THE OBLIGATION OF CONTRACTS.

$488. The Obligation of Contracts Clause.

In addition to being prohibited by the Fourteenth Amendment from depriving any person of life, liberty, or property, without due process of law, the States are, by Section X, Article I of the Constitution, expressly denied the power to pass any law impairing the obligation of contracts. This provision, the general intent of which is sufficiently plain, has, in its application given rise to a multitude of cases requiring adjudication in the courts. The purposes of this treatise will not require us, however, to examine these cases in detail. Elsewhere in this treatise, certain specific applications of the prohibition are considered. In this chapter the aim will be, as it was the aim in the chapter dealing with due process of law, to ascertain the broad and underlying principles which have governed the federal courts in the enforcement of the prohibition.

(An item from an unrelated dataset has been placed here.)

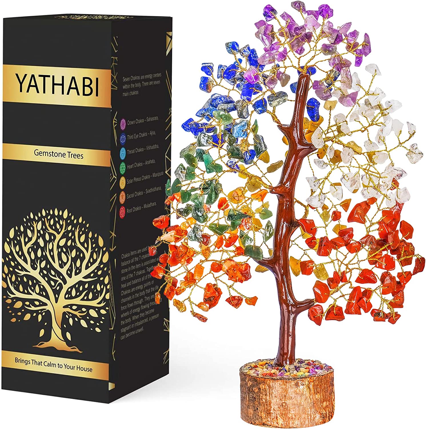 YATHABI – Chakra Crystal Tree of Life, Spiritual Tree is the perfect décor to bring balance and relaxed energy, Feng Shui is balance luck and wealth into your life. This beautiful and unique tree is handmade in India and is made up of a wooden base with a trunk made of m-seal, flexible golden wire and gemstone beads. Each crystal is said to bring wealth, prosperity and good luck and will enhance the crystal energies in positive ways.

As has been already seen, the due process of law clause of the Fourteenth Amendment protects the individual in his right to enter into contracts not contrary to public policy. The provision under consideration protects from impairment the obligation of the contract when entered into.

So far as this provision is concerned, a state law divesting vested rights is not invalid, unless these rights are founded upon contracts, and the effect of the law is thus to impair or nullify their force.2

1 See especially the discussion of suits against the States, and the enforcement of state law by the federal courts.

2 Satterlee v. Matthewson, 2 Pet. 380; 7 L. ed. 458; B. & S. R. R. v. Nesbit, 10 How. 395; 13 L. ed. 469; Bronson v. Kinzie et al., 1 How. 311; 11 L. ed. 143.